The idea is simple: if a seed corresponds to a cell, its fluorescence intensity across frames should be distributed following a bimodal distribution, with a large peak representing noise/little activity, and another peak representing when the seed/cell is active. Thus, we can carry out KS test on the distribution of fluorescence intensity of each seed, and keep only the seeds where the null hypothesis (that the fluorescence is just a normal distribution) is rejected. sig is the p value at which the null hypothesis is rejected.

%%time
seeds = ks_refine(Y_hw_chk, seeds, **param_ks_refine)

selecting seeds
performing KS test
CPU times: user 2.45 s, sys: 223 ms, total: 2.68 s
Wall time: 36.3 s

We can visualize seeds on top of the max projection.
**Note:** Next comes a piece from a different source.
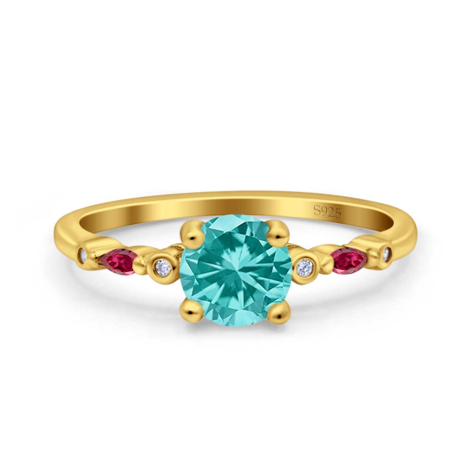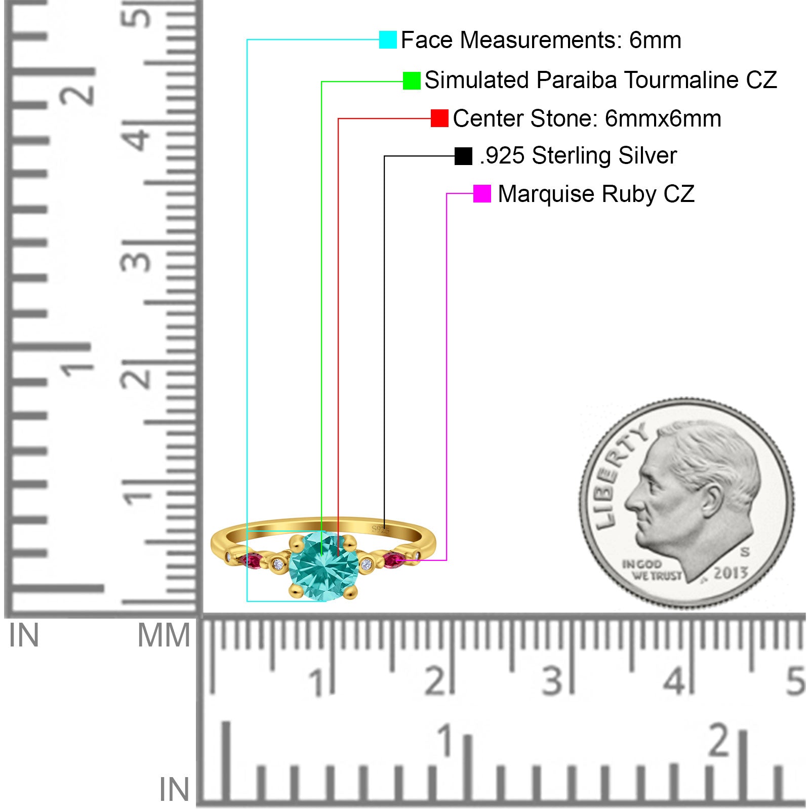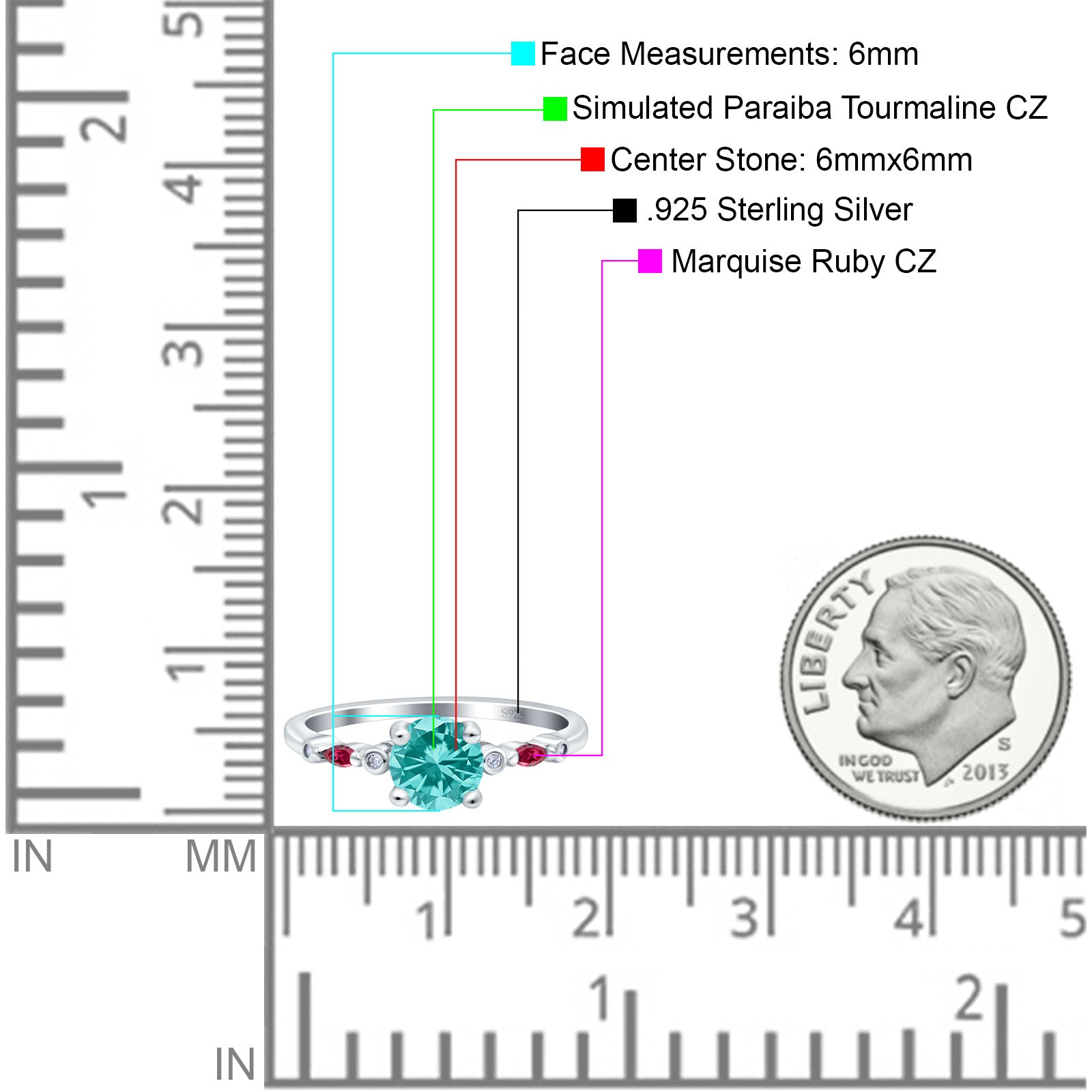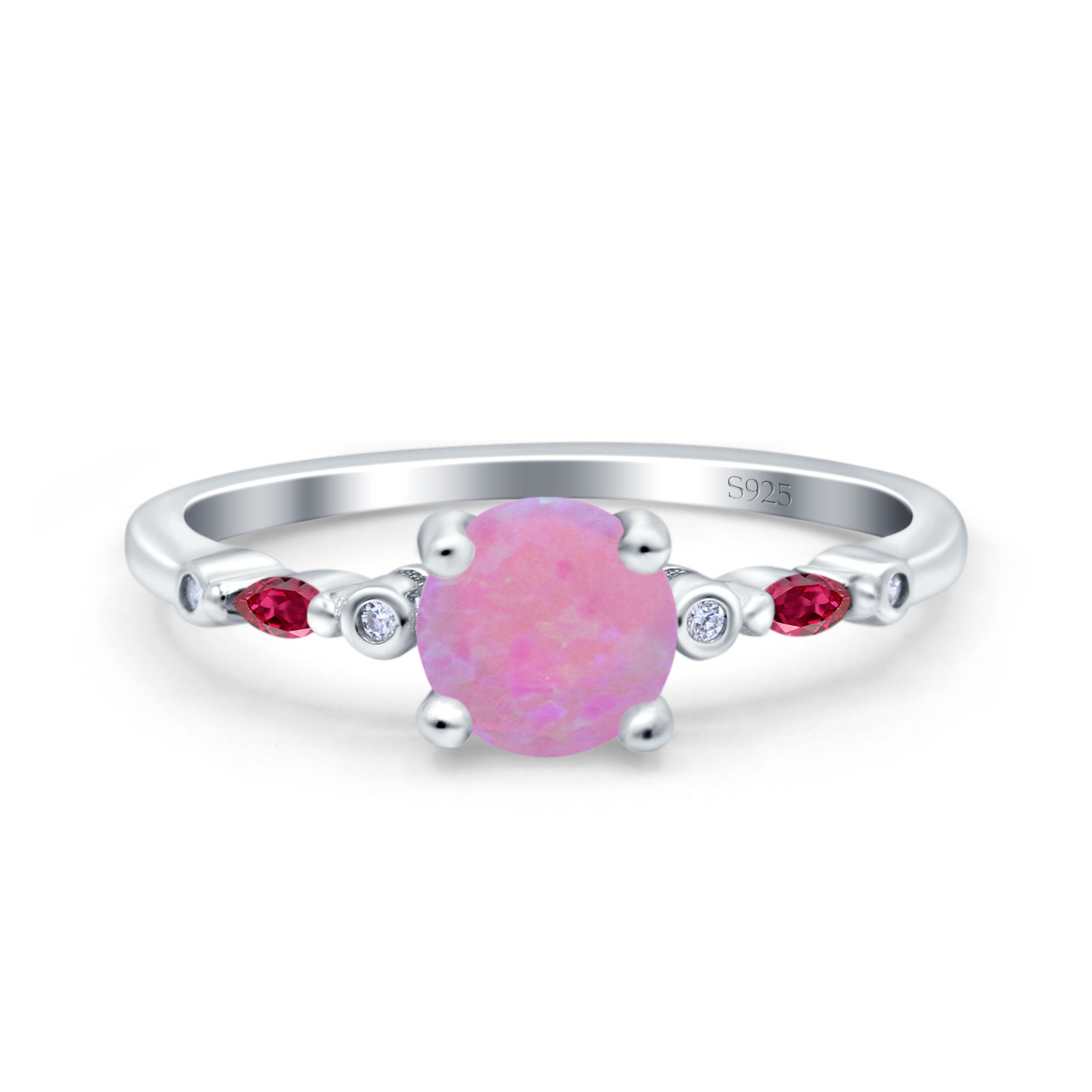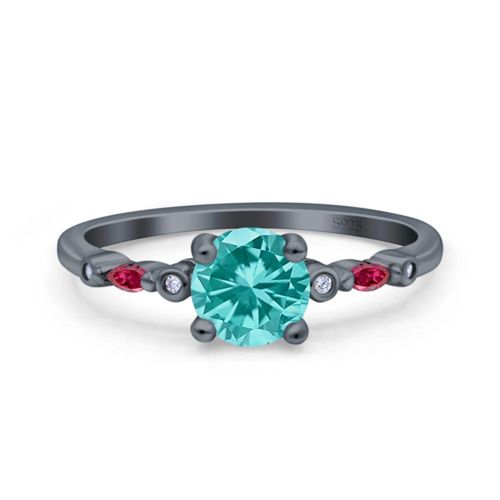 Vintage Style Round Bridal Wedding Engagement Ring Marquise Ruby Simulated Cubic Zirconia 925 Sterling Silver

White dots are accepted seeds and red dots are taken out.

The ks refine step tend to have minimal impact. It’s quite normal to see no seeds being filtered out and you can proceed in such cases.

hv.output(size=output_size)
visualize_seeds(max_proj, seeds, "mask_ks")

5.5. merge seeds

At this point, much of our refined seeds likely reflect the position of an actual cell. However, we are likely to still have multiple seeds per cell, which we want to avoid. Here we discard redundant seeds through a process of merging. Recall the parameters:

param_seeds_merge

{'thres_dist': 10, 'thres_corr': 0.8, 'noise_freq': 0.06}

The function seeds_merge attempts to merge seeds together which potentially come from the same cell, based upon their spatial distance and temporal correlation. Specifically, thres_dist is the threshold for euclidean distance between pairs of seeds, in pixels, and thres_corr is the threshold for pearson correlation between pairs of seeds. In addition, it’s very beneficial to smooth the signals before computing the correlation, and noise_freq determines how smoothing should be done. Any pair of seeds that are within thres_dist and has a correlation higher than thres_corr will be merged together, such that only the seed with maximum intensity in the max projection of the video will be kept.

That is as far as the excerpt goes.